Surgery: The surgical procedure undertaken will depend on the location(s) of the NET and treatment intent. Surgery may be curative, de-bulking for symptom control or palliative.

No treatment / active surveillance (watch and wait): No treatment may be suitable for some NET patients if the NET is not causing symptoms or problems, there is little disease, the disease is stable or the tumour is low grade (G1).

Localised radiation therapy: Patients with oligometastatic disease, a dominant or critically strategic site of progression or highly symptomatic metastases may benefit from radiation therapy.

Peptide receptor radionuclide therapy (PRRT): Patients with metastatic disease who have progressed following first-line somatostatin analogues (SSAs) may benefit from systemic radionuclide therapy (or PRRT).

Systemic therapy:

  • SSAs are the most common first-line treatment of G1/G2 NETs. They have antisecretory and antiproliferative effects.
  • Oral targeted therapy: Molecular targeted therapy for mTOR and multitargeted pathways.
  • Chemotherapy is an option for NET patients with pancreatic, bronchial or high-grade (G2/G3) NETs. It can be used in combination with PRRT and adjuvant to surgery.

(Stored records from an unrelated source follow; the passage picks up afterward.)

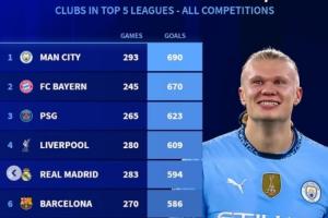體育資訊05月14日訊 德轉(zhuǎn)統(tǒng)計(jì)20-21賽季至今五大聯(lián)賽球隊(duì)進(jìn)球數(shù)排行榜,曼城293場(chǎng)打進(jìn)690球第一,皇馬和巴薩分列第五名和第六名。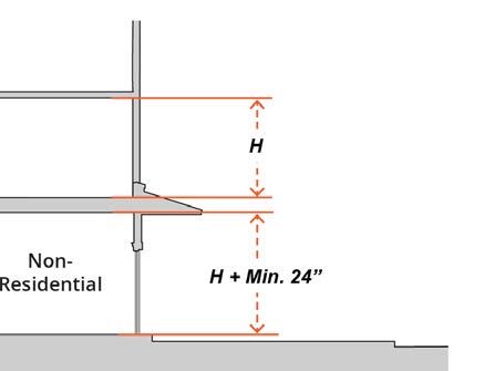 Residential only development(s) building height shall be a maximum of forty (40) feet and four stories.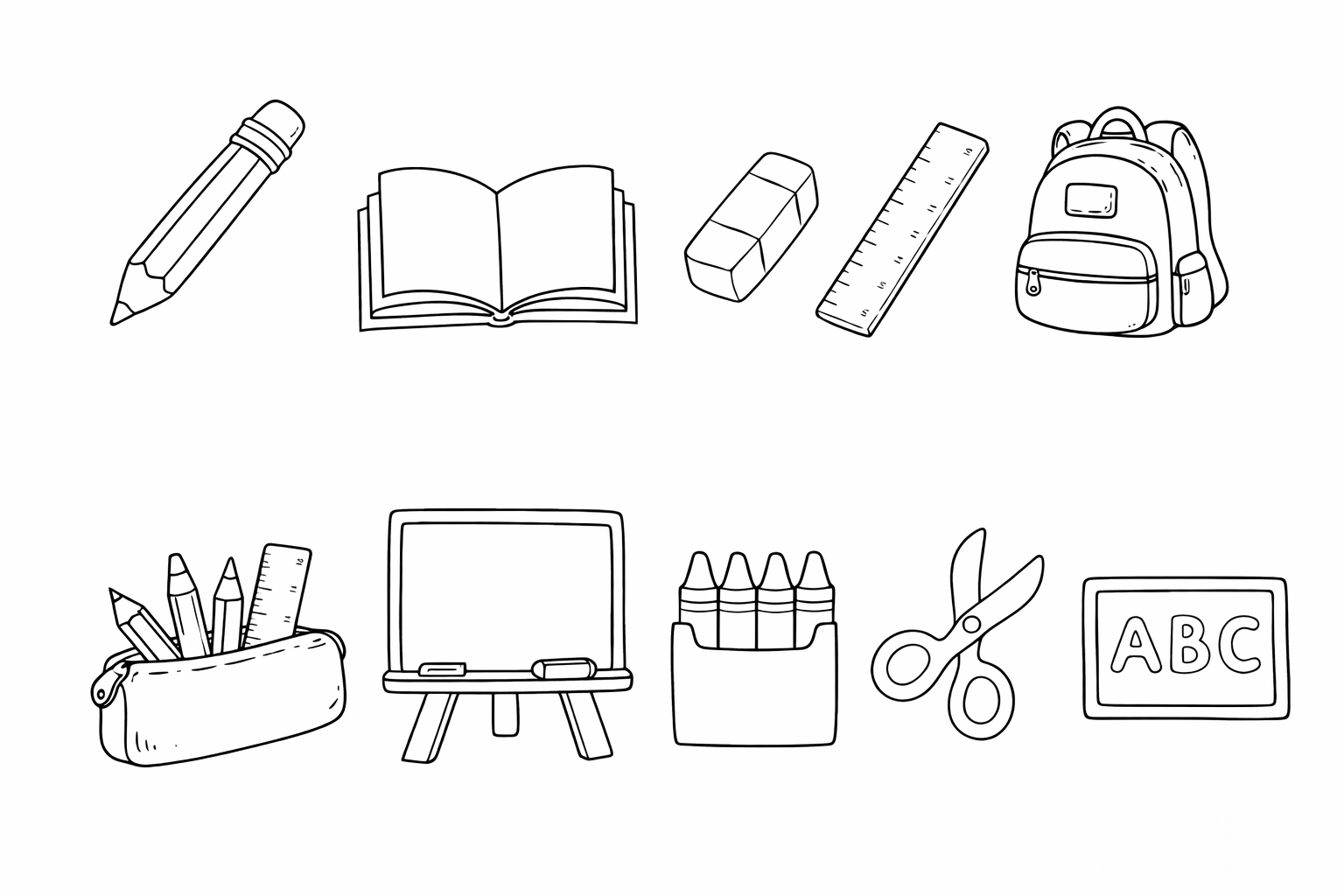 Với 10 tranh tập tô màu đồ dùng học tập, bé sẽ sẵn sàng hơn cho hành trình đến trường, vừa học vừa chơi một cách vui vẻ.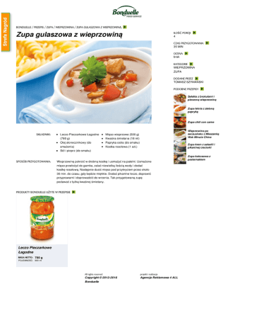 BONDUELLE / PRZEPIS / ZUPA / WIEPRZOWINA / ZUPA GULASZOWA Z WIEPRZOWINĄ Zupa gulaszowa z wieprzowiną ILOŚĆ PORCJI 4 CZAS PRZYGOTOWANIA 35 MIN OCENA brak KATEGORIE WIEPRZOWINA ZUPA DODANE PRZEZ TOMASZ SZYMAŃSKI PODOBNE PRZEPISY Sałatka z brokułami i pieczoną wieprzowiną Zupa letnia z zieloną papryką Zupa chili con carne SKŁADNIKI: Leczo Pieczarkowe Łagodne (780 g) Mięso wieprzowe (500 g) Kwaśna śmietana (18 ml) Olej słonecznikowy (do smażenia) Papryka ostra (do smaku) Kostka rosołowa (1 szt.) Wieprzowina po seczuańsku z Mieszanką Wok Minute China Zupa krem z salsefii i pikantnej cieciorki Sól i pieprz (do smaku) SPOSÓB PRZYGOTOWANIA: Wieprzowinę pokroić w drobną kostkę i usmażyć na patelni. Usmażone mięso przełożyć do garnka, zalać niewielką ilością wody i dodać kostkę rosołową. Następnie dusić mięso pod przykryciem przez około 30 min. do czasu, gdy będzie miękkie. Dodać pikantne leczo, doprawić przyprawami i doprowadzić do wrzenia. Tak przygotowaną zupę podawać z łyżką kwaśnej śmietany. PRODUKTY BONDUELLE UŻYTE W PRZEPISIE Leczo Pieczarkowe Łagodne MASA NETTO: 780 g POJEMNOŚĆ: 800 ml All rights reserved projekt i realizacja Copyright © 2012-2016 Bonduelle Agencja Reklamowa 4 ALL Zupa kokosowa z pasternakiem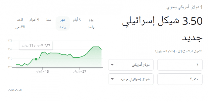 سجّل سعر صرف الدولار الأمريكي انخفاضا أمام الشيكل الإسرائيلي في فلسطين، مساء اليوم الاثنين 4 يوليو 2022.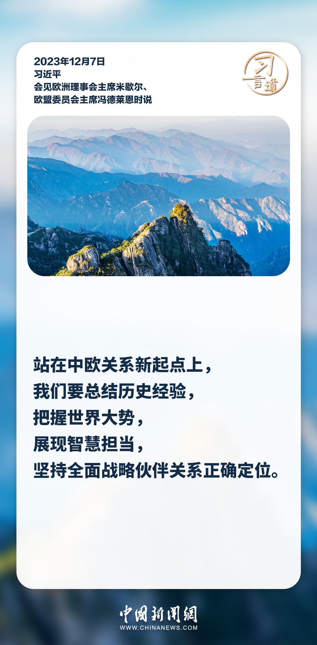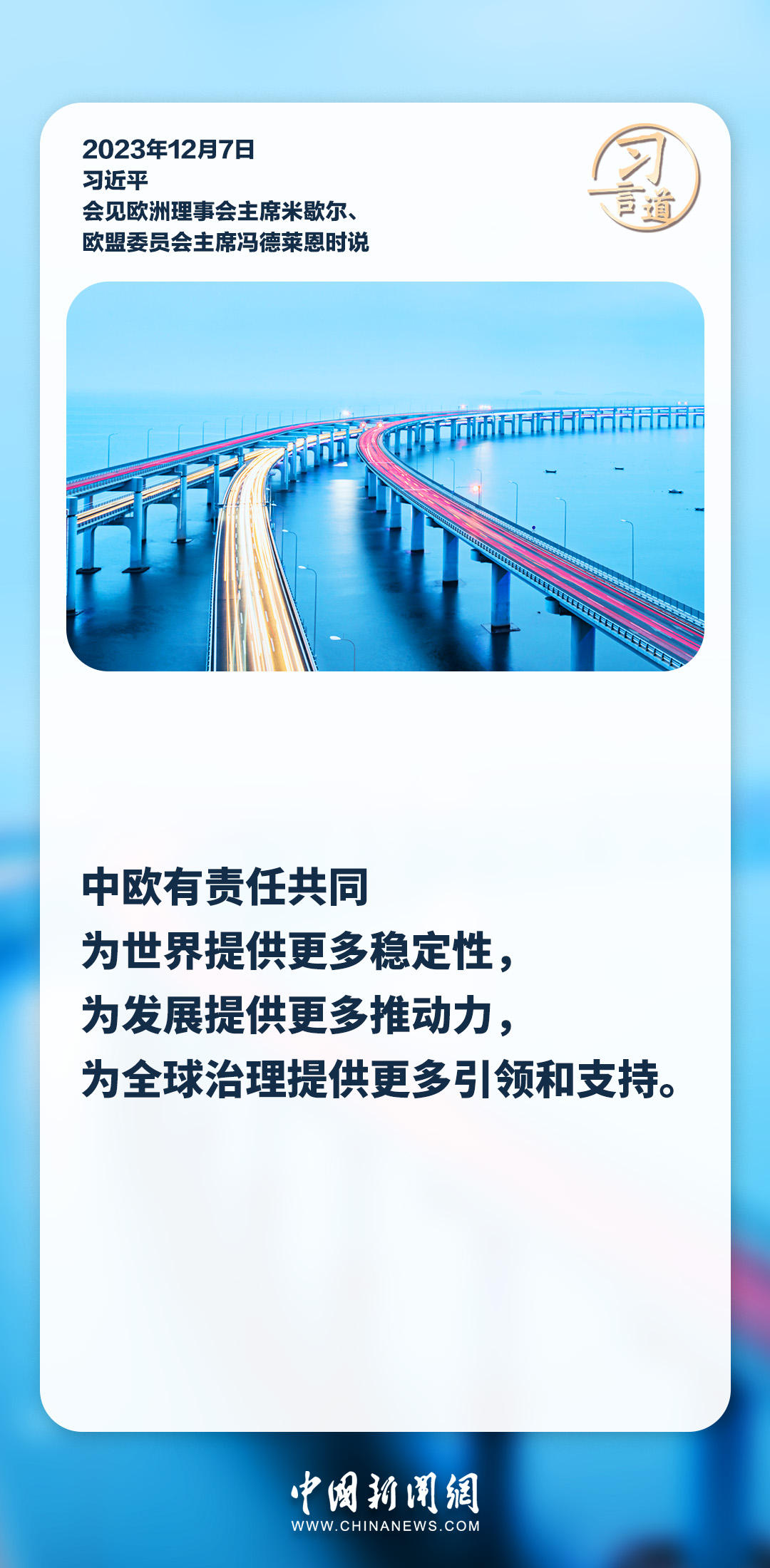 12月7日,國(guó)家主席習(xí)近平在釣魚臺(tái)國(guó)賓館會(huì)見來華舉行第二十四次中國(guó)—?dú)W盟領(lǐng)導(dǎo)人會(huì)晤的歐洲理事會(huì)主席米歇爾和歐盟委員會(huì)主席馮德萊恩。習(xí)近平說——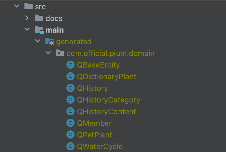 이제 바뀐 설정 파일로 build를 수행하면 우리가 지정한src/main/generated 경로에 위와 같은 Q Class가 생성된다.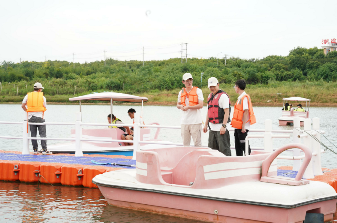 坐著悠哉愜意的腳踏船,徜徉在風景旖旎的湖面上,將藍天、綠水一覽無余地記錄下來。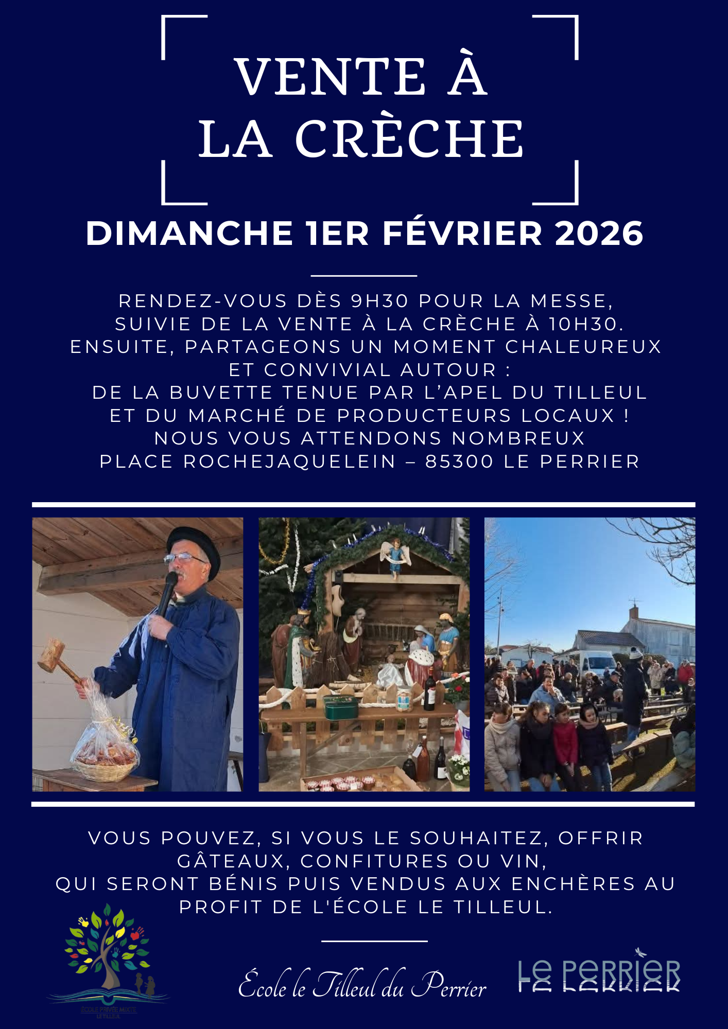 Vous pouvez, si vous le souhaitez, offrir gâteaux, confitures ou vin, qui seront bénis puis vendus aux enchères au profit de l’École Le Tilleul.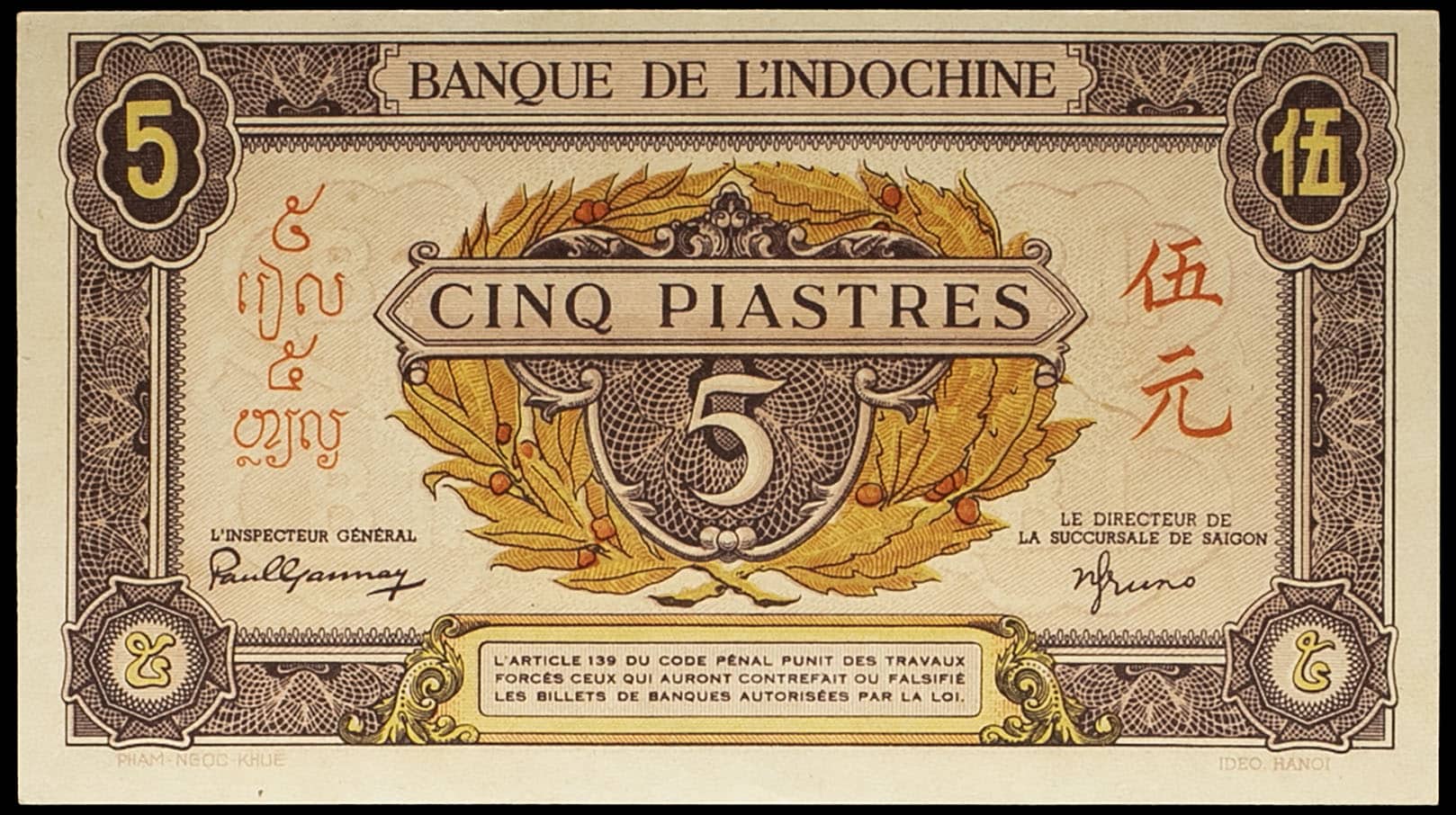 - FRENCH INDOCHINA 5 piastres impression I.D.E.O. type “mauve”, deuxième émission ND (1944).

Liver-directed therapy: Targeted therapy with radiation or chemotherapy directly to liver metastases may be indicated for some patients.

Immunotherapy is investigational for NETs and is an emerging therapy.

Clinical trials: Many emerging therapies are only available by participating in clinical trials.

Palliative care: Early referral to palliative care can improve quality of life and in some cases survival. Referral should be based on need, not prognosis. For more, visit the Palliative Care Australia website <www.palliativecare.org.au>.

Communication

The lead clinician and team’s responsibilities include:

  • discussing treatment options with the patient and/or carer including the intent of treatment as well as risks and benefits
  • discussing advance care planning with the patient and/or carer where appropriate
  • communicating the treatment plan to the patient’s GP
  • helping patients to find appropriate support for programs where appropriate to improve treatment outcomes.

Checklist

  • Intent of treatment established
  • Risks and benefits of treatments discussed with the patient and/or carer
  • Treatment plan discussed with the patient and/or carer
  • Treatment plan provided to the patient’s GP
  • Treating specialist has adequate qualifications, experience and expertise
  • Supportive care needs assessment completed and recorded, and referrals to allied health services actioned as required
  • Early referral to palliative care considered
  • Advance care planning discussed with the patient and/or carer

Timeframe

Surgery: Timeframe for surgery will be based on investigation and staging of the NET and surgery intent.

Localised radiation therapy: Treatment should start as soon as possible for symptomatic patients.

PRRT: When PRRT is necessary, treatment should start as soon as possible.

Systemic therapy: When active treatment is necessary, treatment should start within 4 weeks.

Liver directed therapy: When active treatment is necessary, treatment should start within 4 weeks.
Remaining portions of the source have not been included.